Integrating HDP Compute Frameworks with Alluxio

Slack Docker Pulls

This guide describes how to configure Hortonworks Data Platform (HDP) compute frameworks with Alluxio.

Prerequisites

You should already have Hortonworks Data Platform installed. HDP 3.1 has been tested and Ambari is used for the instructions in the rest of this document.

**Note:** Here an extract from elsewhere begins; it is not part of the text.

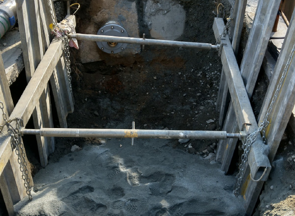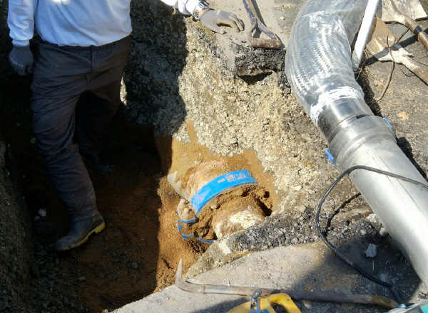 迂回配管の開通を確認し試掘に移ります。図面と違いがないか、更生の際に問題が無いか確認します。

It is also assumed that Alluxio has been installed on the cluster.

Running HDP MapReduce

To run HDP MapReduce applications with Alluxio, some additional configuration is required.

Configuring core-site.xml

You need to add the following properties to core-site.xml. The ZooKeeper properties are only required for a cluster using HA mode. Similarly, embedded journal properties are only required for an HA cluster using Embedded Journal.

<property>
  <name>fs.alluxio.impl</name>
  <value>alluxio.hadoop.FileSystem</value>
</property>
<property>
  <name>alluxio.zookeeper.enabled</name>
  <value>true</value>
</property>
<property>
  <name>alluxio.zookeeper.address</name>
  <value>zknode1:2181,zknode2:2181,zknode3:2181</value>
</property>
<property>
  <name>alluxio.master.embedded.journal.addresses</name>
  <value>alluxiomaster1:19200,alluxiomaster2:19200,alluxiomaster3:19200</value>
</property>

You can add configuration properties to core-site.xml file with Ambari. In the “HDFS” section of Ambari, the “Advanced” tab of the “Configs” tab has the “Custom core-site” section. In this section, click on the “Add Property” link to add these new configuration properties.

You can add each property individually or in batch. If you are adding them individually, like:

HDPCoreSite1 HDPCoreSite2 HDPCoreSite3

Alternatively, you can add the properties in batch, with a list of key=value pairs.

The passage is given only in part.